The expression in (4.21) requires $O\left( (N_{\text {i}}+Q)(L+1)^2\right) $ operations per discrete frequency, where L is the maximum spherical harmonic order, $N_{\text {i}}$ is the number of images and Q is the number of microphones, while the approach in (4.15) requires $O\left( N_{\text {i}} Q (L+1)\right) $ operations per discrete frequency. Since the number of images $N_{\text {i}}$ is typically very large, $(N_{\text {i}}+Q)(L+1)^2 \approx N_{\text {i}} (L+1)^2$. Assuming the operations in the two approaches are of similar complexity, it is therefore more efficient to use the expression in (4.15) for $Q < L+1$ and the expression in (4.21) for $Q > L+1$. Consequently the least computationally complex approach depends on the number of microphones Q and array radius r. In the remainder of this chapter we use the expression in (4.15); this is particularly appropriate in the applications in Sect. 4.4.2 where $Q = 2$ and in Sect. 4.4.3 where $Q = 1$.

4.3.3 Algorithm Summary

A summary of the SMIR method is presented in the form of pseudocode in Fig. 4.6. The variable nsample denotes the number of samples in the AIR, $N_o$, the maximum reflection order, and fs, the sampling frequency.
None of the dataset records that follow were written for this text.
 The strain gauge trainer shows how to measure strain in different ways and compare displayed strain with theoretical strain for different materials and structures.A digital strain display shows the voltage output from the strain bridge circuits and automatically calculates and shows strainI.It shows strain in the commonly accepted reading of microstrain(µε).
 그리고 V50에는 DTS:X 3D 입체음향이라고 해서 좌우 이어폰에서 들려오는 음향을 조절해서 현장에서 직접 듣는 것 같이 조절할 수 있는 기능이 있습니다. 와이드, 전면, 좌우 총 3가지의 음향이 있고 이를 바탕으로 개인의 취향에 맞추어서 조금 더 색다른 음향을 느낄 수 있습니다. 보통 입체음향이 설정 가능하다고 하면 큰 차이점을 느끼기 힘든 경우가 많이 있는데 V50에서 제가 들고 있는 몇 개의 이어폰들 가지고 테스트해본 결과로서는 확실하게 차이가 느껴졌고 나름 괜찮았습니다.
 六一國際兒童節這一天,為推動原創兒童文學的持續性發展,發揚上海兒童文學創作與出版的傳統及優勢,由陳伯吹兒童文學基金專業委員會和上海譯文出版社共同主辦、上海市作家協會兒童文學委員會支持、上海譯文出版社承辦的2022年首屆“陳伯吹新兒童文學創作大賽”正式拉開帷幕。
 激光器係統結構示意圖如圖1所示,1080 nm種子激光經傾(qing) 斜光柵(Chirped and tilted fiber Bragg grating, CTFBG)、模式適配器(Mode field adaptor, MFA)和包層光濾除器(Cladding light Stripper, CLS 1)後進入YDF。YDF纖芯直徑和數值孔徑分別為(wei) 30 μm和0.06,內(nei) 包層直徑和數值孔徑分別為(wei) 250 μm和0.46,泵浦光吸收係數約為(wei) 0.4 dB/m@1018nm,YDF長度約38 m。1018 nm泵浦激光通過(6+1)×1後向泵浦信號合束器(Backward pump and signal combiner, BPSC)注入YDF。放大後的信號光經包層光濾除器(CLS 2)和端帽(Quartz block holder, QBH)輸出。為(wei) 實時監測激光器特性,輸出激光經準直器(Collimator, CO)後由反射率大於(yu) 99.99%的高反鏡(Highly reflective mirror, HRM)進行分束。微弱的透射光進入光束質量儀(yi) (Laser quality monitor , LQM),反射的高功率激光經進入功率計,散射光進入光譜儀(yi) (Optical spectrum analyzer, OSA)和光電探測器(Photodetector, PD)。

The number of computations has been reduced by processing only half of the frequency spectrum because we know the AIR is real and the corresponding ATF is conjugate symmetric. The pseudocode necessary to compute the Hankel functions and Legendre polynomials is omitted here, since their computation is straightforward using recursion relations (4.18) and (4.20).

SMIRgen, a MATLAB/C++ implementation of the method in the form of a MEX-function, is available online [14].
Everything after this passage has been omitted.